Alison Bechdel, Fun Home.
Yes, it's thirteen years old now, and was actually turned into a stage show... what can I say, I'm behind the times. I've just read it.
***
The blurbs treated it as complex and subtle and unexpected: by the time I was a bit less than halfway through, I was pleased, but couldn't see what they were talking about. A relatively straightforward graphic novel of a difficult family situation, of a father-daughter conflict, with various literary echoes – yes, clearly intelligent people, but...
Even the drawing, though good, is relatively normal. I didn't see it as lifting off into anything remarkable.
Why was everyone saying this was so special?...
***
it was soon after that, around the midpoint, that I started to think: aha. Sudden pleasure, sudden surprise, at the beginning of a new chapter.
But we're back where we were already in the story, you already told this part, why are we –
Oh. Well actually this is kind of....
***
See, chapters in the second half return to points, return to times, return to subjects. But they change them in the telling, almost before I have time to wonder why we're back in this room, back with this conversation.
It feels a bit familiar, and the second or third time it happens, I think: this is psychoanalysis.
Or therapy, or journals, or self-exploration, but in any case...
***
Because I am still full of being a psychoanalyst – of the past ten years, of returning to the Jungian world, deciding to train in it, of being excited and enthusiastic, irritated and disoriented, passionately involved, disappointed and indignant – and admittedly I am still pompous and aggressive with it all....
(And when I am full of something, everyone for miles around knows it, of course. I exist at a fairly high volume, which is one reason – the other is the ruthless judgmental quality, for which I don't really apologize, at least not enough for many people who have known me – that I am disliked as much as liked. Though of course I can never really know the statistical balance between positive and negative votes, can I? because we never do...)
but in this phase, in what feels like my third life, my being inflated and pompous and aggressive with new power feels like... well, what do you expect, it's what happens.

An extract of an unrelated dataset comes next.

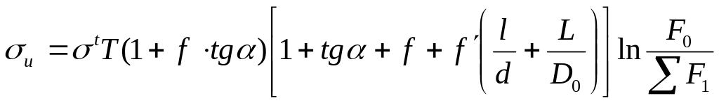 Такая сложная зависимость усилия прессования от различных условий затрудняет вывод точных расчетных формул. Наибольшее распространение получили следующие формулы С.И. Губкина для расчета удельного давления истечения:
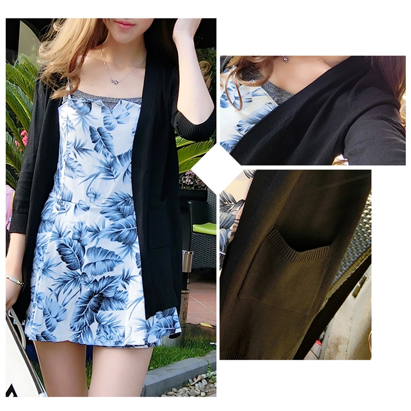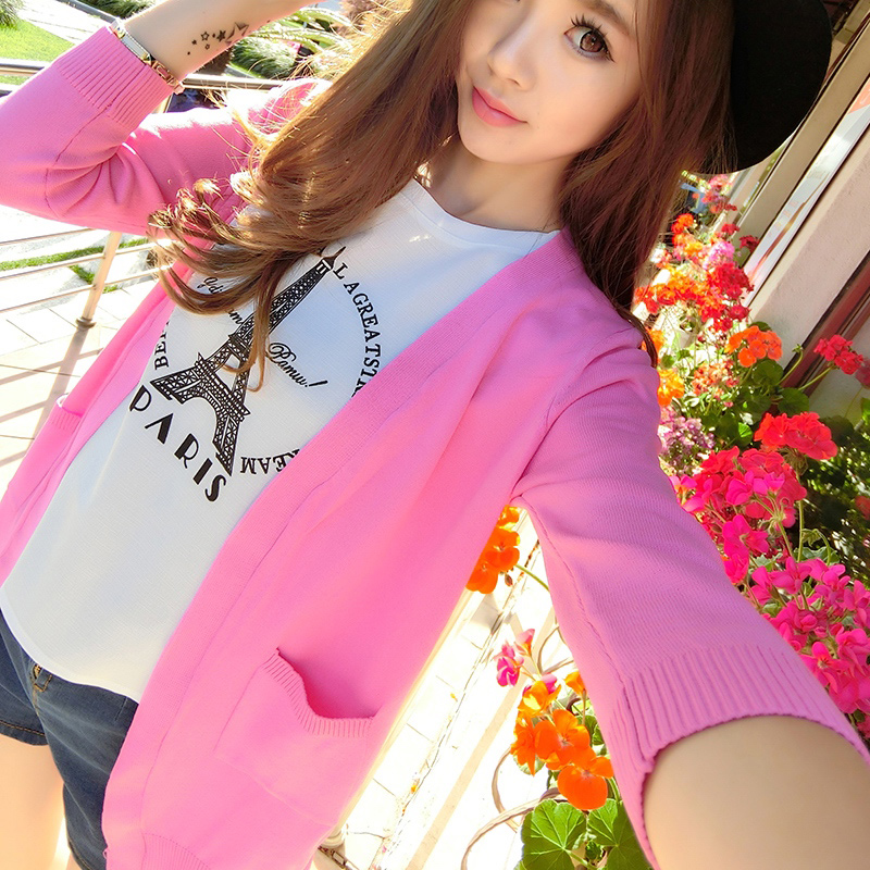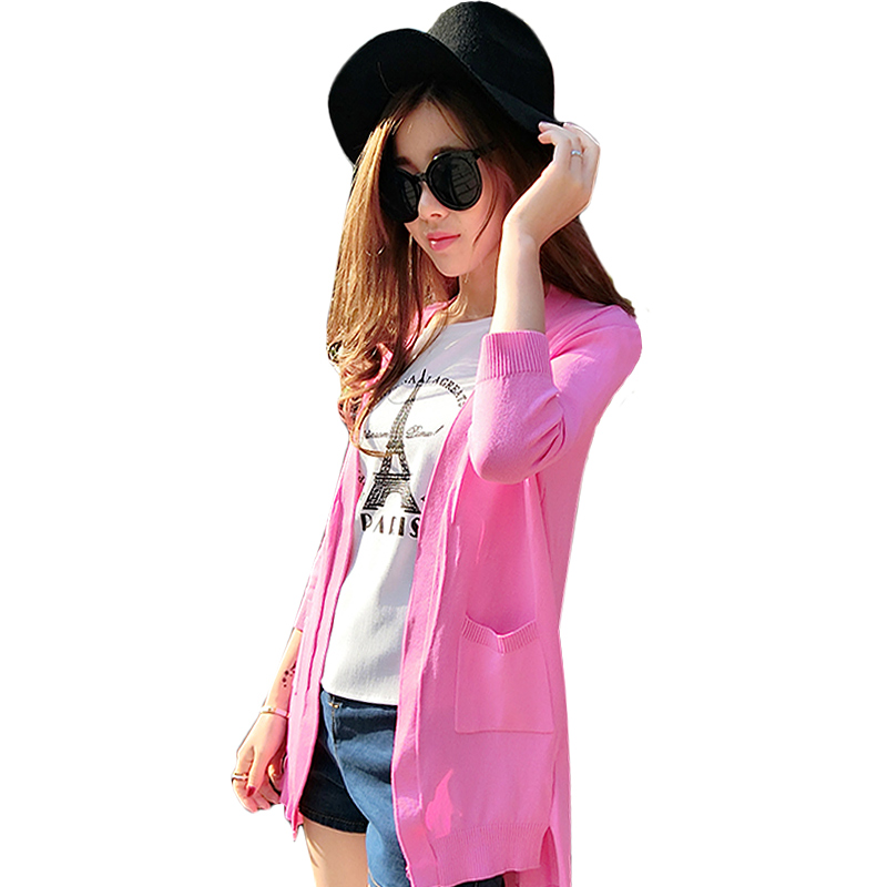 / 針織衫女開衫薄春夏中長款燕尾冰絲中袖針織開衫女空調衫防曬衫女

It's so much easier to forgive myself these days: even when I talk too much in a session, when I leap to an interpretation too early, when I wave my knowledge about like a... oh that's too Freudian –
it just doesn't seem like such a terrible disaster. Not only because so many do it, but because I have spent time articulating it – do you know that my last seminar paper for the Jung-Institut was about the arrogant magician, the analyst who thinks he knows everything? Written later than it should have been done, in the midst of finishing the thesis, and using two of my former analysts as examples. Because I have been lucky in my teachers – not only in their positive aspects, but also occasionally when they appeared as warnings: you don't want to end up like that.
So, because being inflated and arrogant doesn't seem so dreadfully unforgivable now, it is much easier for me to get over it... even in the past year it is easy for me to say, Enough of all that, I'm sorry, let's get back to what happened: tell me again....
And so, of course, I do interpret everything I read or see or talk about as relating directly to what I'm doing right now.
(Of course I did this in the seventies, with gay theory and Foucault, in the eighties with Adorno and the avant-garde, in the nineties with AIDS and illness and death... whatever I'm doing is reflected across the entire world. Again, a forgivable distortion.)
And so of course I would read Bechdel as a psychoanalysis...
It makes sense, though.
But I am only a minor secondary character here, I am just The Reader; Bechdel and her story are center.
***
So, what she is doing is absolutely, utterly psychoanalytic: she goes back to the most charged things, to the stories she has told herself over and over, to the justifications and decisions and defenses that have formed the patterns of her existence –
but as she tells them again (and the analyst, who might be me, thinks, because he has only been doing this a few years and isn't quite alert to the core of things: oh this story again, haven't we already done this one, do I need to pay attention?), the weight of the story changes, a range of other details appears –
the meaning is changed, or really added.
In Bechdel's case: from her father as closed, aggressive, subtly monstrous, and her mother as distant, disconnected – and her early lesbian life as exciting but confusing –
her father is (not instead, but also) fragile and confused, and alive, her mother is honest and trapped, and alive...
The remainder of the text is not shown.